Frutto originario del Brasile, in Italia sta piano, piano prendendo piede per il suo caratteristico sapore e fascino esotico. Si chiama “frutto della passione”, in inglese “passion fruit”. Il nome è legato alle caratteristiche del fiore, che ricordano la Passione e Crocifissione di Cristo e non, come si potrebbe pensare, a presunti poteri afrodisiaci. Per la somiglianza con il melograno in Spagna la maracujà è nota anche come “granadilla”. È un frutto ricco di vitamine e utile a combattere la cellulite, in quanto aiuta a contrastare la ritenzione idrica.
Il frutto della passione è di forma ovale o rotondeggiante e di taglia medio-piccola. Può raggiungere un diametro di 6-8 cm (e 7 di lunghezza) nella maracujà gialla, e di 3,5- 7 cm (e 4 – 9 di lunghezza) nella maracujà viola. La buccia, non commestibile, è spessa e robusta e il suo colore spazia dal giallo al viola scuro in base alla specie di appartenenza. La polpa è particolarmente profumata, gelatinosa e di sapore dolce-acidulo molto caratteristico. Oltre al Brasile, al secondo posto come esportatore in Europa abbiamo la Colombia che, dopo le banane e un altro paio di frutti esotici, ha appunto il frutto della passione di Cristo.
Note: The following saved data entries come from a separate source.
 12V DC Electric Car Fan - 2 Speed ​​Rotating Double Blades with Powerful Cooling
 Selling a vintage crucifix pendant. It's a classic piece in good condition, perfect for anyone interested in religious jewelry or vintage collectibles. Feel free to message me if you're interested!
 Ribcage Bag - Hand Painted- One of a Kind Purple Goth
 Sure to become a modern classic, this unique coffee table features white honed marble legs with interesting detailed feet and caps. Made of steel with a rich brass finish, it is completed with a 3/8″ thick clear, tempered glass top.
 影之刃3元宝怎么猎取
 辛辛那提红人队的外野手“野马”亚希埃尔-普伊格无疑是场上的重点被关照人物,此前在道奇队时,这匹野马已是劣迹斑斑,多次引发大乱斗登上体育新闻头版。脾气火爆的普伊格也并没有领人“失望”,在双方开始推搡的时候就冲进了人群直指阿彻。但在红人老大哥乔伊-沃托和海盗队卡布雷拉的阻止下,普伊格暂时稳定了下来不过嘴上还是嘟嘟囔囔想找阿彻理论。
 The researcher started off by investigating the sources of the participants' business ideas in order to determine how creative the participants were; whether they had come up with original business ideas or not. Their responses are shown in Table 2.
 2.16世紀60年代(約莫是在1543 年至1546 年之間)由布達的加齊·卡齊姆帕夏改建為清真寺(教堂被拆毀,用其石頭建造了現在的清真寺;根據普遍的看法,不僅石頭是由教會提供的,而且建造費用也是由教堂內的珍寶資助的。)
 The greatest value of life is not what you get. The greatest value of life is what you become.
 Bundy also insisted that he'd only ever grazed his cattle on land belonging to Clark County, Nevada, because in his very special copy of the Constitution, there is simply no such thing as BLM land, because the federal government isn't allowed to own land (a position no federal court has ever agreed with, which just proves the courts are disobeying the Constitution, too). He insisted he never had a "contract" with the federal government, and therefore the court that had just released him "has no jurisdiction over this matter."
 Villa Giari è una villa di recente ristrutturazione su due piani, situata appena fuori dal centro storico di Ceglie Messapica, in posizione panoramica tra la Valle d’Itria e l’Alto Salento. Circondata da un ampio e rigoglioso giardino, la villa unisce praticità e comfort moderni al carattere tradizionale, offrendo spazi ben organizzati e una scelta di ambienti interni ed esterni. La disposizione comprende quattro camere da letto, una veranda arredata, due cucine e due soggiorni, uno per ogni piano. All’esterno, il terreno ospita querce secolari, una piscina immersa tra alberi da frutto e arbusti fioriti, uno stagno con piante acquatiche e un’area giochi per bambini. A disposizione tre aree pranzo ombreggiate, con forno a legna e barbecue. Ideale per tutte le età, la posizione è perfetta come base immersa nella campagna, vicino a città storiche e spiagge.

Come dicevamo, il frutto è originario dell’America centro-meridionale, con alcune specie provenienti dal Nord America, Australia e Asia in quantità minore. Il nome del genere, adottato da Linneo nel 1753 e che significa “fiore della passione” (dal latino passio = passione e flos = fiore), gli fu attribuito dai missionari Gesuiti nel 1611, per la somiglianza di alcune parti della pianta con i simboli religiosi della passione di Gesù: i viticci alla frusta con cui venne flagellato, i tre stili ai chiodi, gli stami al martello, la raggiera corollina alla corona di spine.